## What to produce
The material below is to be copied exactly from the line with "Il percorso SENIOR" up to and including the line with "on white background", with nothing else kept and no pictures.

## Supplied data
+ + + + + + +

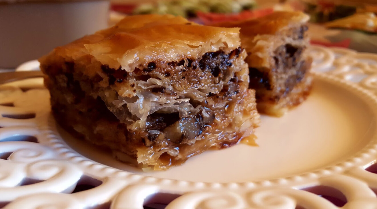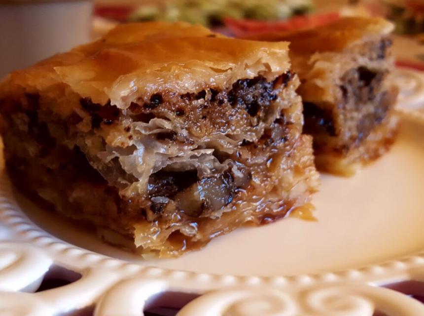 Dio pripremljene smjese stavite na četvrtu koru pa nastavite tako dok ne utrošite sav materijal. Posljednje četiri kore samo poprskajte uljem. Isijecite baklavu na rombove. Pecite baklavu sa suhim šljivama oko 40 minuta, u rerni zagrijanoj na 200 stepeni.
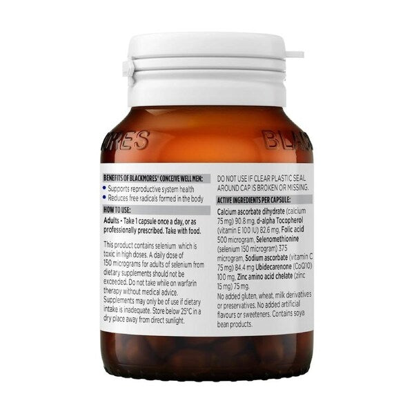 It's important to consider supplementation when you start trying to conceive. Along with a balanced diet, it helps to prepare your body's nutritional needs when trying for a baby. Conceive Well Men contains a comprehensive antioxidant formula to support men's preconception health. It provides important nutrients required for a healthy conception, including: -Selenium: to aid sperm production and sperm motility -Zinc: to support the reproductive system and sperm health -CoQ10: to maintains energy production -Folic Acid: to support healthy energy levels and general wellbeing
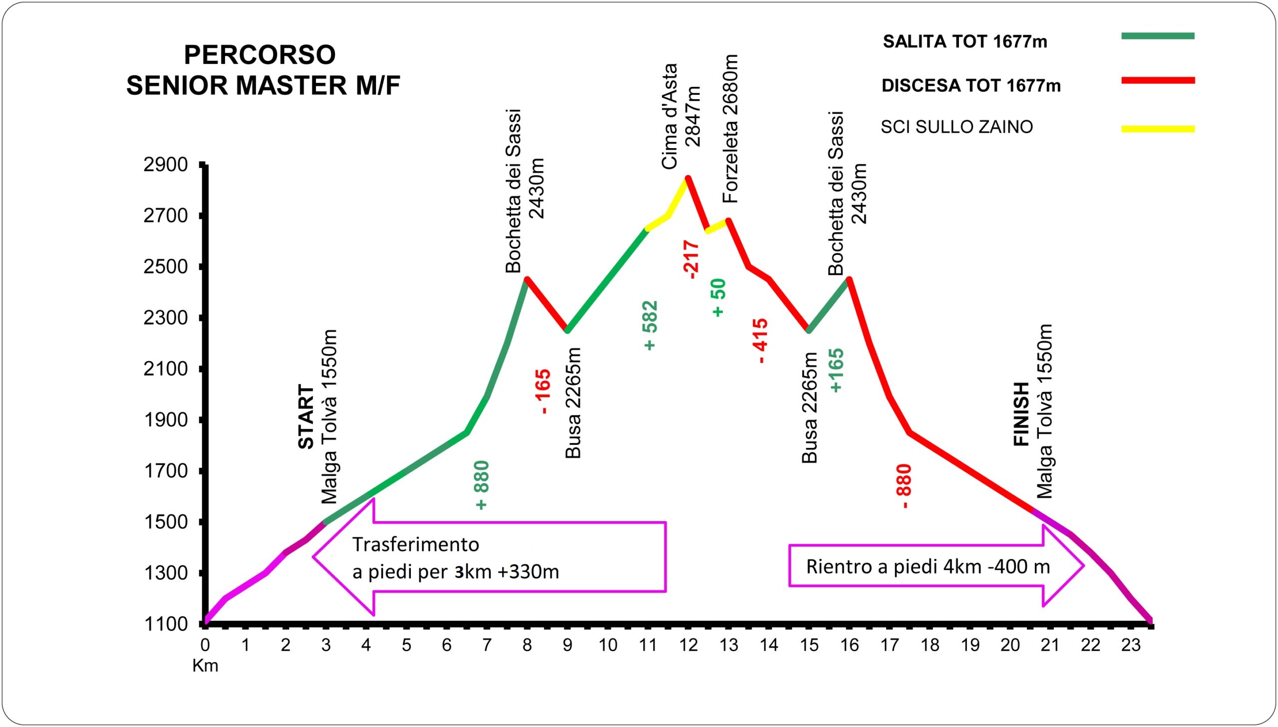 Il percorso SENIOR E MASTER prevede un trasferimento autonomo con partenza nei pressi del campeggio Val Malene all’imbocco della Val Tolvà fino a malga Tolvà di 3 km +330m dove alle ORE 8.30 sarà dato lo START.
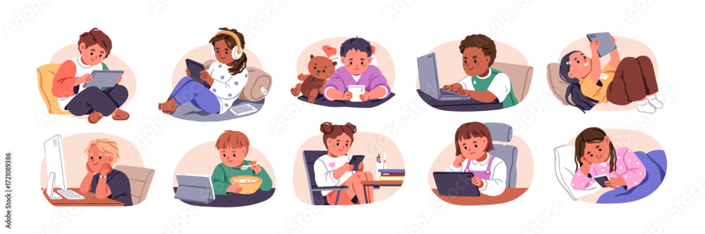 >Obrazy na płótnie Canvas>Wybrane motywy - zobacz więcej !>Warszawa>Kids with mobile phones, laptops, tablets and computers. Children and digital gadgets addiction. Smartphone screen addicted boys and girls. Flat vector illustrations isolated on white background
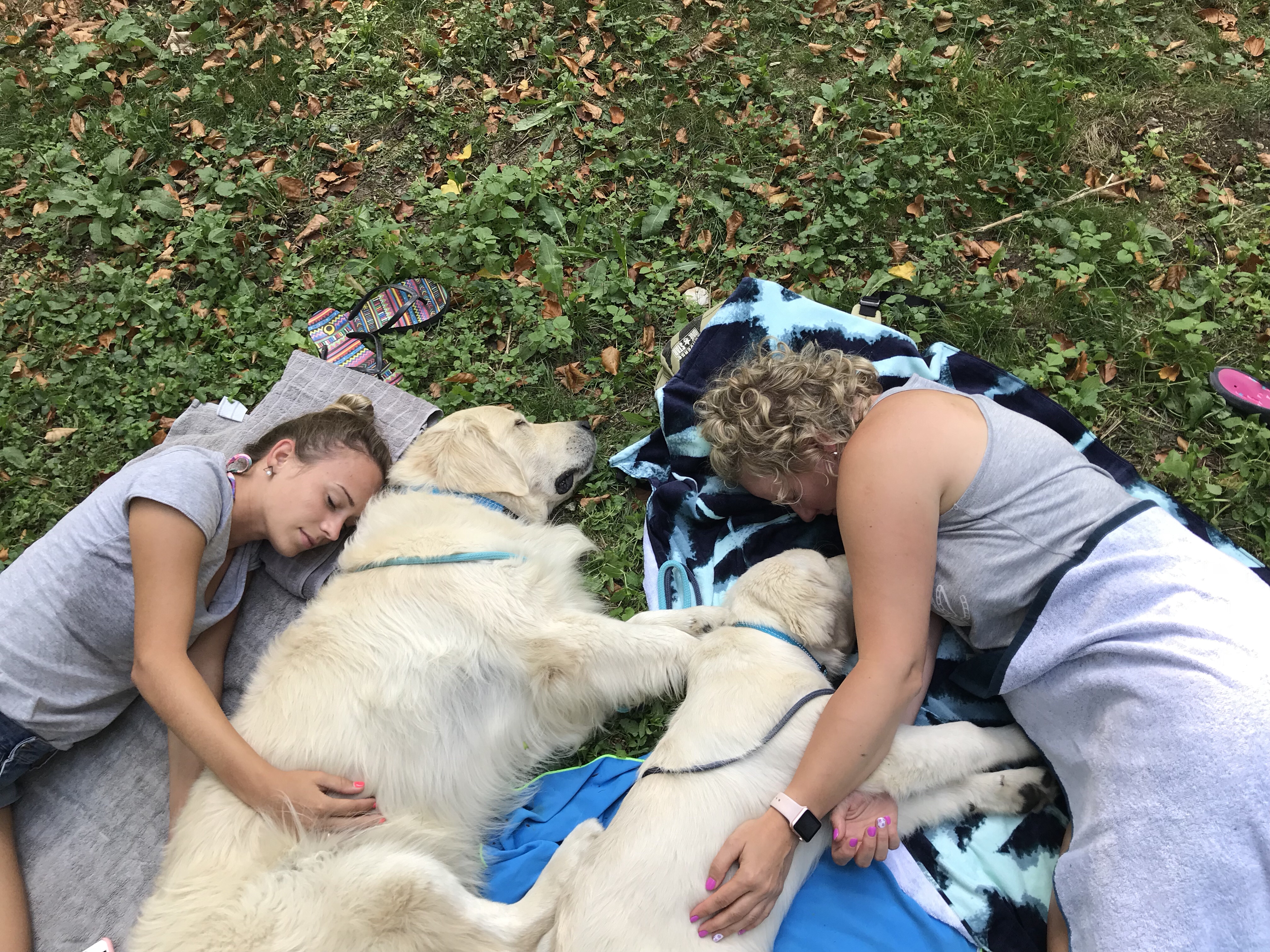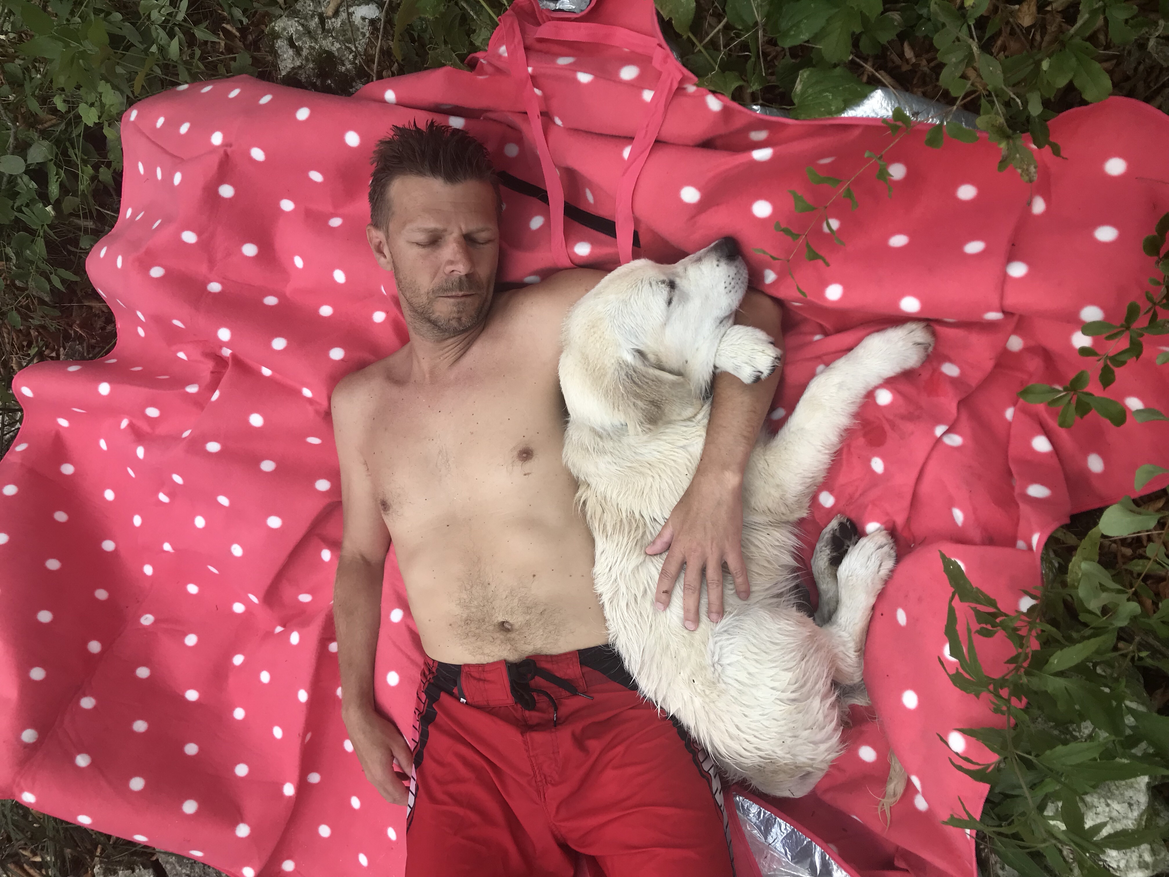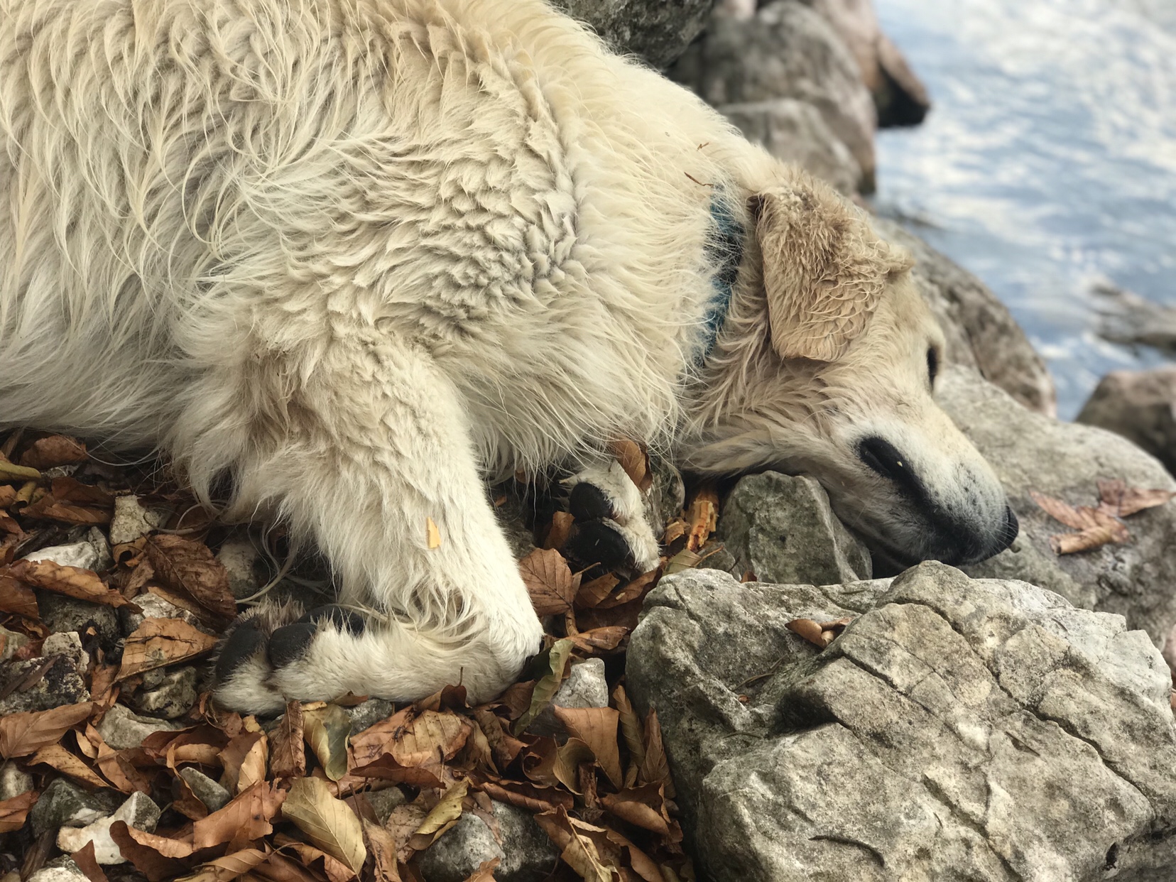 Végül a tó túlsó felén maradtunk, mert még 8 km lett volna visszamenni. Boogie viszont kipurcant a végére. Beültünk enni és mindkét kuty csak feküdt és aludt. Bandi visszasétált a kocsiért mi pedig csak lefeküdtünk a kutyák mellé egy zöld terepre.

+ + + + + + +

## Solution for this problem
 Il percorso SENIOR E MASTER prevede un trasferimento autonomo con partenza nei pressi del campeggio Val Malene all’imbocco della Val Tolvà fino a malga Tolvà di 3 km +330m dove alle ORE 8.30 sarà dato lo START.
 >Obrazy na płótnie Canvas>Wybrane motywy - zobacz więcej !>Warszawa>Kids with mobile phones, laptops, tablets and computers. Children and digital gadgets addiction. Smartphone screen addicted boys and girls. Flat vector illustrations isolated on white background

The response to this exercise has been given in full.